Monday, April 25, 2011

What do you hear?

That's something I've always wondered about my dogs. I know their hearing is a zillion times keener than mine. Boo can hear the breathing and scratching of mice beneath the deep snow. Sherlock can here the soft rustle of a plastic bag from a dead sleep in another part of the house. Teddy, well in truth, Teddy doesn't hear much of anything anymore, bless his heart. What must it be like to live with those ears, that hearing?

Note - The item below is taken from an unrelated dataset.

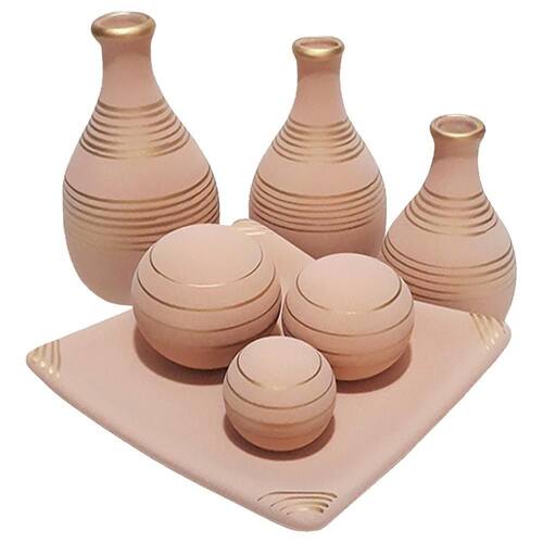 Jogo de vasos trio garrafas e centro de mesa 3 fosca - bege gold jogo de vasos trio garrafas e centro de mesa 3 em cerâmica fosca decor

I pondered this daily as I wrote Tam's chapters in my book, A Dog's Way Home. What did he hear in the forest as he made his way home to his Girl?
What does Boo hear?

In this lovely poem by Lisel Mueller, she ponders the same question:

What the Dog Perhaps Hears


If an audible whistle blown between our lips
can send him home to us,
then silence is perhaps
the sound of spiders breathing
and roots mining the earth;
it may be asparagus heaving,
headfirst, into the light
and the long brown sound of cracked cups
when it happens.
We would like to ask the dog
if there is a continuous whir
because the child in the house keeps growing,
if the snake really stretches full length without a click
and the sun breaks through the clouds
without a decibel of effort;
whether autumn, when the trees
dry up their wells, there isn't a shutter
too high for us to hear.
What is it like up there
above the shut-off level
of our simple ears?
For us there was no birth-cry,
the newborn bird is suddenly here,
the egg broken, the nest alive,
and we heard nothing when the world changed.